Your job is to print, exactly, the lines in the data below from the line with "チラシ裏面では、新しい自分に" through the line with "- ATmega328PBは 328Pと完全ピン互換を保ちつつ、通信×2・PWM×8・ADC×8に強化。", both included, and to omit any picture.

Given data |
▼

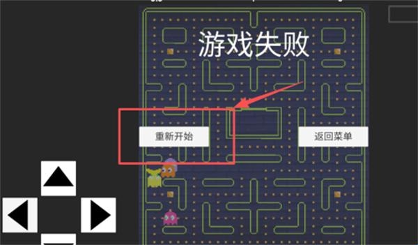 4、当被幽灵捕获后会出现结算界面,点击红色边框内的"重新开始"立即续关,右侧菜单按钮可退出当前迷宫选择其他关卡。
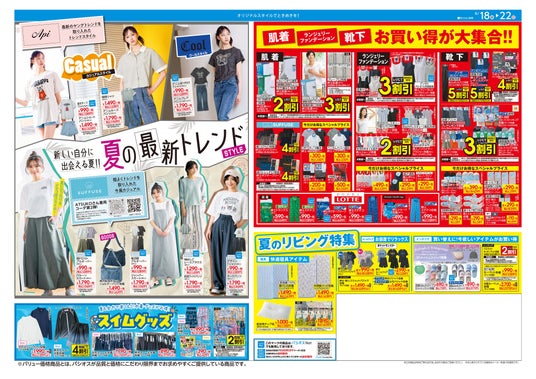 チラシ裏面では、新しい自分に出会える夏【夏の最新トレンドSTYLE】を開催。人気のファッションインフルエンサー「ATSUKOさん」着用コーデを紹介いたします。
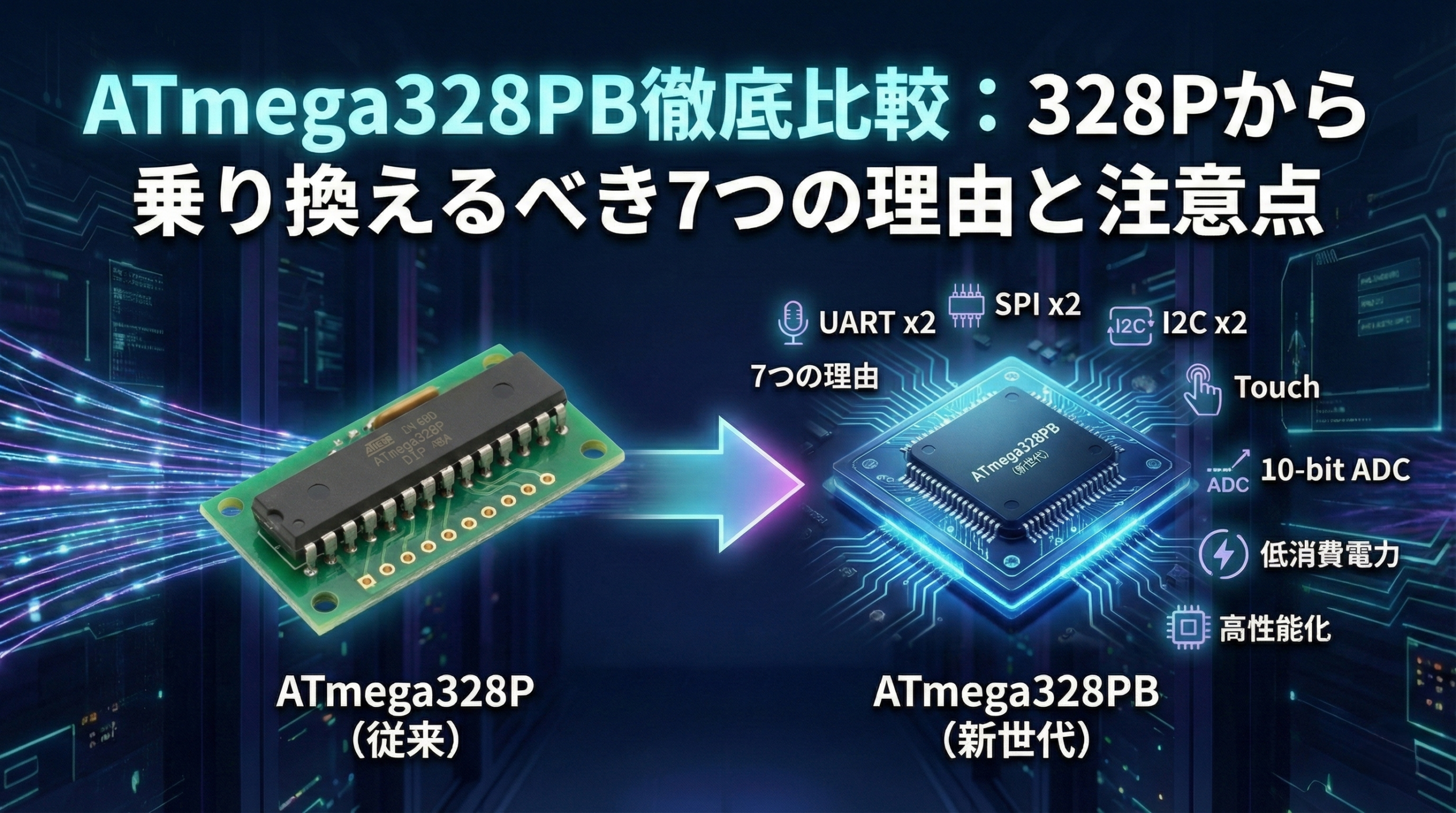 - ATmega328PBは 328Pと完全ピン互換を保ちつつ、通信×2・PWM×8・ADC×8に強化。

▲
▼

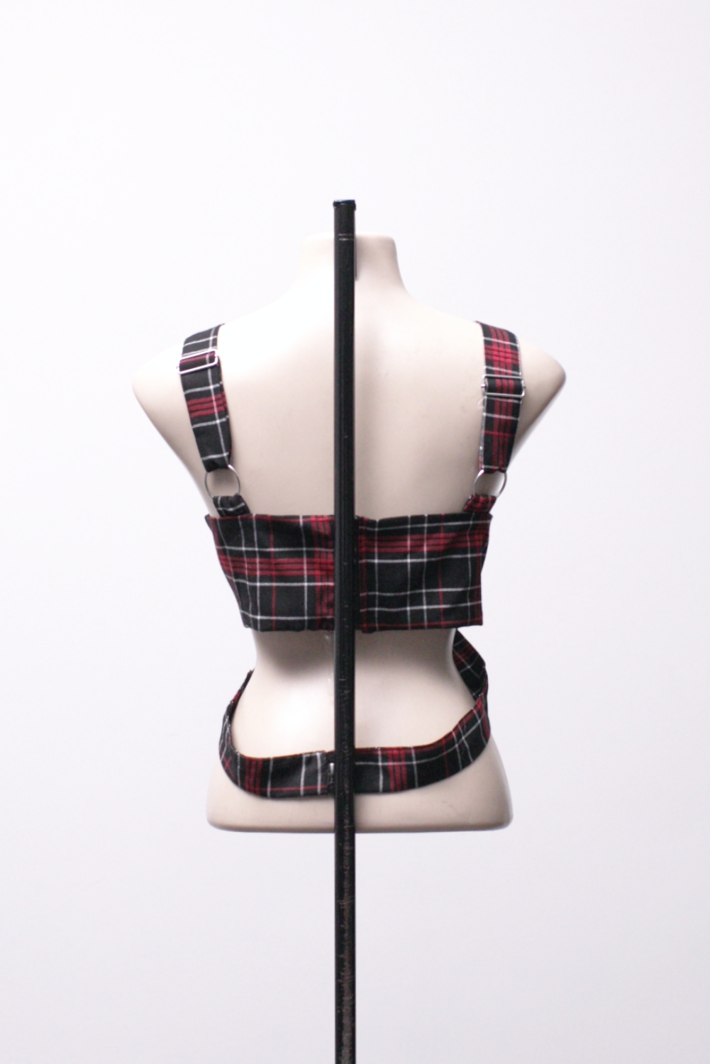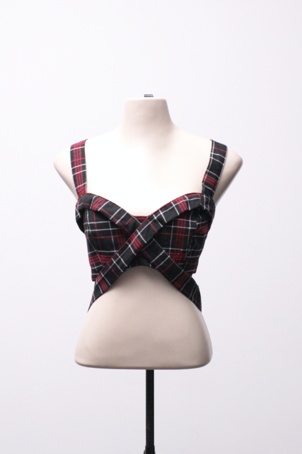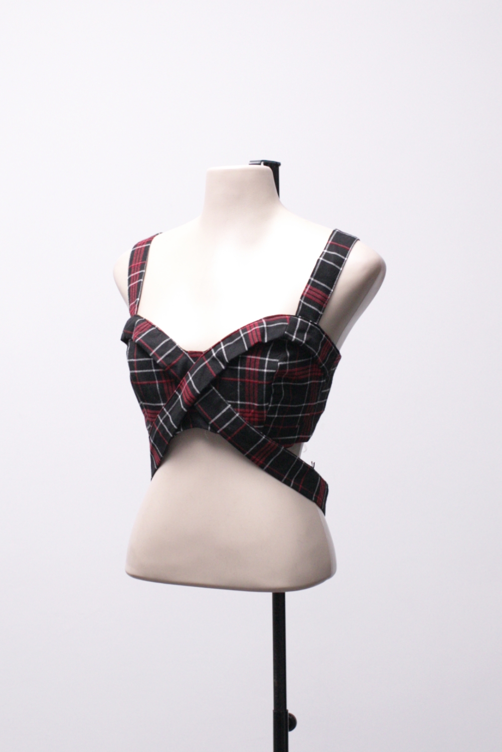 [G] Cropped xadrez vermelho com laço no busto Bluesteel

▲
▼

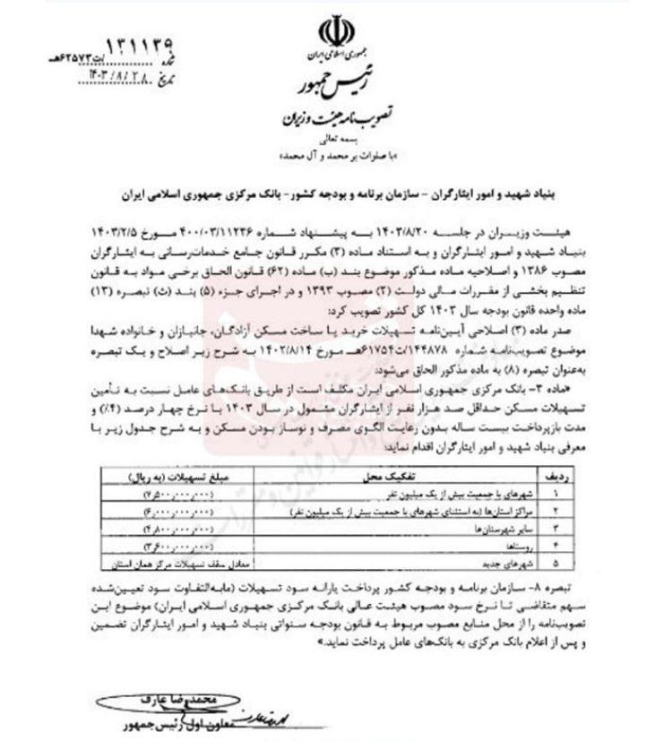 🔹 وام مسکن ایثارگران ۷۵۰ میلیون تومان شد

▲

Exercise response |
 チラシ裏面では、新しい自分に出会える夏【夏の最新トレンドSTYLE】を開催。人気のファッションインフルエンサー「ATSUKOさん」着用コーデを紹介いたします。
 - ATmega328PBは 328Pと完全ピン互換を保ちつつ、通信×2・PWM×8・ADC×8に強化。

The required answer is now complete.